Deterministic Composition
Given the same inputs and available tools, Semio produces the same plan. This predictability is critical for production systems where non-determinism creates operational risk.
Lower Inference Overhead
Compact type representations reduce prompt size. Instead of including full API schemas in context, the planner sees:
tool: salesforce.query_accounts
out: crm.account@1
keys: [email, id]
This fits thousands of tools in a single prompt.
Planner Compatibility
Semio’s type graph integrates with existing planners:
- Prolog-based - Native support for typed facts and rules
- LLM-based - Types as structured prompts
- Hybrid - Symbolic planning with LLM refinement
Scalable Orchestration
Adding a new tool requires:
- Declare its semantic contract
- Optionally define adapters to existing types
- Index into the graph
No N^2 integration work. The planner automatically discovers new composition paths.
Future Work
Community and Federated Type Registries
Currently, types are platform-defined. A federated type registry would enable:
- Shared semantic definitions across organizations
- Community-contributed adapters
- Type versioning and deprecation workflows
- Cross-company workflow composition (organizations publishing internal type catalogs)

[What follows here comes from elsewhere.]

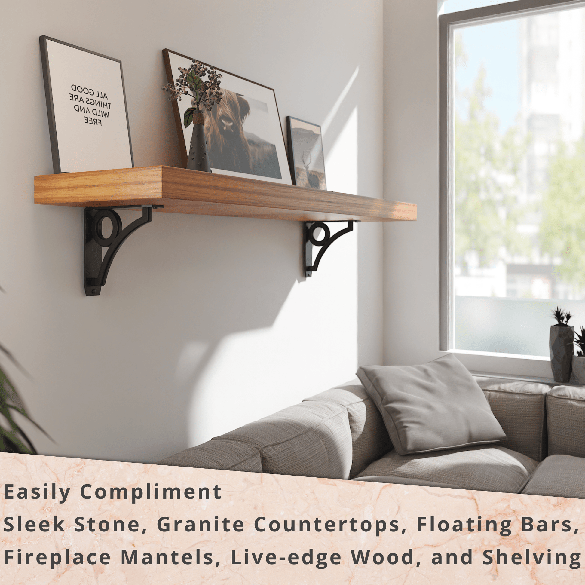 Only the best: Unlike inferior shelving brackets, Park Circle premium mounting brackets from STARBY are handmade right here in the USA from the highest American steel. We researched common complaints about other brackets for shelves and carefully crafted one of the best heavy duty shelf brackets on the market. With meticulous craftsmanship and unwavering commitment to quality, STARBY’s wall shelf brackets are second to none. As practical as you: We’ve thought of everything. Here’s what makes our decorative shelf brackets special: ● Ornate: Park Circle shelf brackets & supports feature an intricate nature inspired design for a rustic decor upgrade. ● Discreet: each premium shelf support has hidden welds for a sleeker appearance. ● Pre drilled: our modern shelf brackets come with pre drilled holes for faster mounting. ● Heavy duty: STARBY black shelf brackets support over a whopping 500 lbs of weight. ● Clever packing: these shelf support brackets arrive damage free in study packaging. An ultra versatile solution: More than simply just metal shelf brackets, Park Circle supports from STARBY also make ideal corbels for countertops and even fireplace mantel mounting brackets. And with a black powder coat finish, you can get the appearance of cast iron shelf brackets for a fraction of the weight. Easy installation: Say goodbye to wooden shelf brackets that are difficult to install. STARBY black shelf brackets include all necessary screws and even come with decorative screw covers for an upgraded appearance. Lifetime warranty: Our heavy duty shelf supports are covered by STARBY’s lifetime warranty. If you don’t love your heavy duty shelf supports for any reason, simply let us know what the issue is with your shelf hardware and we’ll do whatever we can to make things right. No fuss, no tricks, no fine print; just incredible customer service.

- Standardized industry types (healthcare, finance, etc.)
- Marketplace for commercial adapters
Cross-Platform Interoperability Standards
Semio could evolve into an interchange format:
- Standard serialization for type contracts
- Adapter portability across platforms
- Tool compatibility guarantees
Formalization and Ecosystem Tooling
Potential areas for standardization:
- Type inference from OpenAPI specs
- Adapter validation and testing frameworks
- Performance benchmarks for plan complexity
Appendix: Cross-System Type Definitions
The invoice generation walkthrough above relies on three interoperating type definitions: crm.account@1 (CRM domain, keyed on id and email), billing.customer@1 (Billing domain, keyed on id, email, and external_id), and an adapter that bridges them via the shared email anchor.
Each type definition specifies: required and optional properties, field tiers (core, useful, PII, index), identity keys for cross-system resolution, and JSON Schema compatibility for validation. Adapter contracts specify the source and target types, the anchor key used for identity continuity, transformation logic, confidence score, cost, and tier preservation rules.
The specific JSON schemas, tier assignments, and adapter transformation specifications are part of the operational implementation.
This document describes the conceptual architecture of Semio. Implementation details and optimization strategies are not included to protect operational IP while enabling conceptual understanding.